Gears

Gears are a modular event handling system in Pycord that allow you to organize your event listeners into reusable components. They provide a clean way to structure event-driven code and enable composition by allowing gears to be attached to other gears or to the bot itself.

Gear

Attributes
class discord.gears.Gear[source]

A gear is a modular component that can listen to and handle events.

You can subclass this class to create your own gears and attach them to your bot or other gears.

Example

@listen(once=False)[source]
Parameters:
  • event (type[TypeVar(E, bound= Event, covariant=True)] | Undefined)

  • once (bool)

Return type:

Callable[[Callable[[Any, TypeVar(E, bound= Event, covariant=True)], Awaitable[None]]], Callable[[Any, TypeVar(E, bound= Event, covariant=True)], Awaitable[None]]]

attach_gear(gear)[source]

Attaches a gear to this gear.

This will propagate all events from the attached gear to this gear.

Parameters:

gear (Gear) – The gear to attach.

Return type:

None

detach_gear(gear)[source]

Detaches a gear from this gear.

Parameters:

gear (Gear) – The gear to detach.

Raises:

KeyError – If the gear is not attached.

Return type:

None

add_listener(callback, *, event=Undefined.MISSING, is_instance_function=False, once=False)[source]

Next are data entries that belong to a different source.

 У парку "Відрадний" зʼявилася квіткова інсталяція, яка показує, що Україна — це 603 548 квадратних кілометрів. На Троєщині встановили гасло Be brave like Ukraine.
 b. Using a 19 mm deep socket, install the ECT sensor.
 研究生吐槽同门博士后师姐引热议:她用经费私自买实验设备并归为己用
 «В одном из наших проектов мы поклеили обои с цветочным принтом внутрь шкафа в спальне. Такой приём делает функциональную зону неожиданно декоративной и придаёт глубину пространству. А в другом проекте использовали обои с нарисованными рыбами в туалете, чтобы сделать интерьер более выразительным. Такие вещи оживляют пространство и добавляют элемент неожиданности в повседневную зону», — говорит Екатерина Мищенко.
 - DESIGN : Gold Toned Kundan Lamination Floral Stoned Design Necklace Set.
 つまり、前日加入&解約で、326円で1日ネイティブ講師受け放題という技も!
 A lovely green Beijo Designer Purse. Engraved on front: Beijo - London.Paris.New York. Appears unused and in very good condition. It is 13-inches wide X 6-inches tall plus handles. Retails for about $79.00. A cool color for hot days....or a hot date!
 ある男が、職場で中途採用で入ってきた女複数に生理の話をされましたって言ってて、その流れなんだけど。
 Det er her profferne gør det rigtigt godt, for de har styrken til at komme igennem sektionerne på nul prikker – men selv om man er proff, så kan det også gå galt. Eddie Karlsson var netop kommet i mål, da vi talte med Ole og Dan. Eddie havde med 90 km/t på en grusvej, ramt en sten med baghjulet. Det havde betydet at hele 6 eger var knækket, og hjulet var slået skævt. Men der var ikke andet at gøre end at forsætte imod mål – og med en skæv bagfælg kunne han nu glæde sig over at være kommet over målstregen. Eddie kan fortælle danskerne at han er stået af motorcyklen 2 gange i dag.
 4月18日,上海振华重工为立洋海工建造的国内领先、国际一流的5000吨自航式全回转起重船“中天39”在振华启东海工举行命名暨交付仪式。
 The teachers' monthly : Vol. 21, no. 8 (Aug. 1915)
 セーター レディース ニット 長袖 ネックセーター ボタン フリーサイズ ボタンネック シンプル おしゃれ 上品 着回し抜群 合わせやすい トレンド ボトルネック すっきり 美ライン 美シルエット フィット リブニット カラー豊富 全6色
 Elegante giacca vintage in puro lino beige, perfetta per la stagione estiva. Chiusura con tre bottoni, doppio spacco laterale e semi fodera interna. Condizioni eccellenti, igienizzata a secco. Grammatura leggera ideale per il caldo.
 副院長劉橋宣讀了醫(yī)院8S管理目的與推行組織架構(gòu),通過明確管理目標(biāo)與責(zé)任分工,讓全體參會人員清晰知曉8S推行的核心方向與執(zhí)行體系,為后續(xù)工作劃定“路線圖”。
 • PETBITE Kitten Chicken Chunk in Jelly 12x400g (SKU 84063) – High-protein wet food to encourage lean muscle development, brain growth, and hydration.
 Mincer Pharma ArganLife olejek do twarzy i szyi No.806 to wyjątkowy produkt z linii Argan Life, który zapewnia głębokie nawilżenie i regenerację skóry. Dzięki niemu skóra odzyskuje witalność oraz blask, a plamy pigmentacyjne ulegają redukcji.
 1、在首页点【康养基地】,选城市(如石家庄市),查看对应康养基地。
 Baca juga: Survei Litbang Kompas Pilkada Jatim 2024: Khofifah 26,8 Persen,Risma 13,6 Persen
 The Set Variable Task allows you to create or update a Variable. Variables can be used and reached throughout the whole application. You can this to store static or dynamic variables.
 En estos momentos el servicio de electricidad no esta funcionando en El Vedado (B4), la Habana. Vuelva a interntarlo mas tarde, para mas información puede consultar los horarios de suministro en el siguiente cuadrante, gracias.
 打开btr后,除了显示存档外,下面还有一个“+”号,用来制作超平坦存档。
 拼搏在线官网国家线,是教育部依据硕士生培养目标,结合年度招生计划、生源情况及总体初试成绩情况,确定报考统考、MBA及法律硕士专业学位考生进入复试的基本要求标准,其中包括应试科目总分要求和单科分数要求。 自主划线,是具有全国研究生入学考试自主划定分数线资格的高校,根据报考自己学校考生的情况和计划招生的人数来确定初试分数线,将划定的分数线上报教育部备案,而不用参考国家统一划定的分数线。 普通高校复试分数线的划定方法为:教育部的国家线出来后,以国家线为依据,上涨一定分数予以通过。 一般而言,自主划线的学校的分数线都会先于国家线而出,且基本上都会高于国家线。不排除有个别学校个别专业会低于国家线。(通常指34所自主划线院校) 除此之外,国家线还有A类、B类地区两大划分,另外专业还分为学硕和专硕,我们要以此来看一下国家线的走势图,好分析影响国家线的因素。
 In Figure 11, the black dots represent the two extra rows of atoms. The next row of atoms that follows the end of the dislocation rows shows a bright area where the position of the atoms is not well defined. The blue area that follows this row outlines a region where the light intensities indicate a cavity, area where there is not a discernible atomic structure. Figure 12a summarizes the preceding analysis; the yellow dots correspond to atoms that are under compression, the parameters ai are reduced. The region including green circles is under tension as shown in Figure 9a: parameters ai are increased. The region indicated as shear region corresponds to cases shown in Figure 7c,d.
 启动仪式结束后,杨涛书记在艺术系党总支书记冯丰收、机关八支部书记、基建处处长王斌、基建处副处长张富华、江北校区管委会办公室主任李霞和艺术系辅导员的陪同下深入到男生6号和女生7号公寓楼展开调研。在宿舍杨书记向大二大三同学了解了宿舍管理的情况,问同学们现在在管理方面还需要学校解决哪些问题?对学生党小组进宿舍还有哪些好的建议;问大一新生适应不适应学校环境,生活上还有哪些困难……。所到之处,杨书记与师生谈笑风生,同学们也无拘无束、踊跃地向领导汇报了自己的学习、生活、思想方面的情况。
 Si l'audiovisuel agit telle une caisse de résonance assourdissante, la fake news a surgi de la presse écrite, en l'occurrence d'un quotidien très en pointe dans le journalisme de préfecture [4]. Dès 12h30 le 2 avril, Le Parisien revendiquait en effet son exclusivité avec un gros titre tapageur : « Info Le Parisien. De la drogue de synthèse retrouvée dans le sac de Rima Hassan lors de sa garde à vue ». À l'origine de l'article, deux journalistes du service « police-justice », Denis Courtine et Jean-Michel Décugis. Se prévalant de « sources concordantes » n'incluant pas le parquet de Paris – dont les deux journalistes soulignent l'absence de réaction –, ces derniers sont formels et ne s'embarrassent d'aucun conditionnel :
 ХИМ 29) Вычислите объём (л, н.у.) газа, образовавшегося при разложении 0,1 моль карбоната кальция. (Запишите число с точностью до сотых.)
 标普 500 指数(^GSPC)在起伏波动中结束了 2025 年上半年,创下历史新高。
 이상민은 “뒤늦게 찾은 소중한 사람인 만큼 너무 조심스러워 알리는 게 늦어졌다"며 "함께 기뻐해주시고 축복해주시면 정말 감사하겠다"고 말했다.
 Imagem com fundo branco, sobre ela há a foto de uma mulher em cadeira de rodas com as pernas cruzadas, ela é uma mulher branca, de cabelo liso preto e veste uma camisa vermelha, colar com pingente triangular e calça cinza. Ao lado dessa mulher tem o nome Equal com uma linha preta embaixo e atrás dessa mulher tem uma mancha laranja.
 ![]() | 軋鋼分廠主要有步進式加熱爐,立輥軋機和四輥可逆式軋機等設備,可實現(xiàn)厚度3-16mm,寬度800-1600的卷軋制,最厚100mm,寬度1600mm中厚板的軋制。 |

Adds an event listener to the gear.

Parameters:
  • callback (Callable[[TypeVar(E, bound= Event, covariant=True)], Awaitable[None]]) – The callback function to be called when the event is emitted.

  • event (type[TypeVar(E, bound= Event, covariant=True)] | Undefined) – The type of event to listen for. If not provided, it will be inferred from the callback signature.

  • once (bool) – Whether the listener should be removed after being called once.

  • is_instance_function (bool) – Whether the callback is an instance method (i.e., it takes the gear instance as the first argument).

Raises:

TypeError – If the event type cannot be inferred from the callback signature.

Return type:

None

remove_listener(callback, event=Undefined.MISSING, is_instance_function=False)[source]

Removes an event listener from the gear.

Parameters:
  • callback (Callable[[TypeVar(E, bound= Event, covariant=True)], Awaitable[None]]) – The callback function to be removed.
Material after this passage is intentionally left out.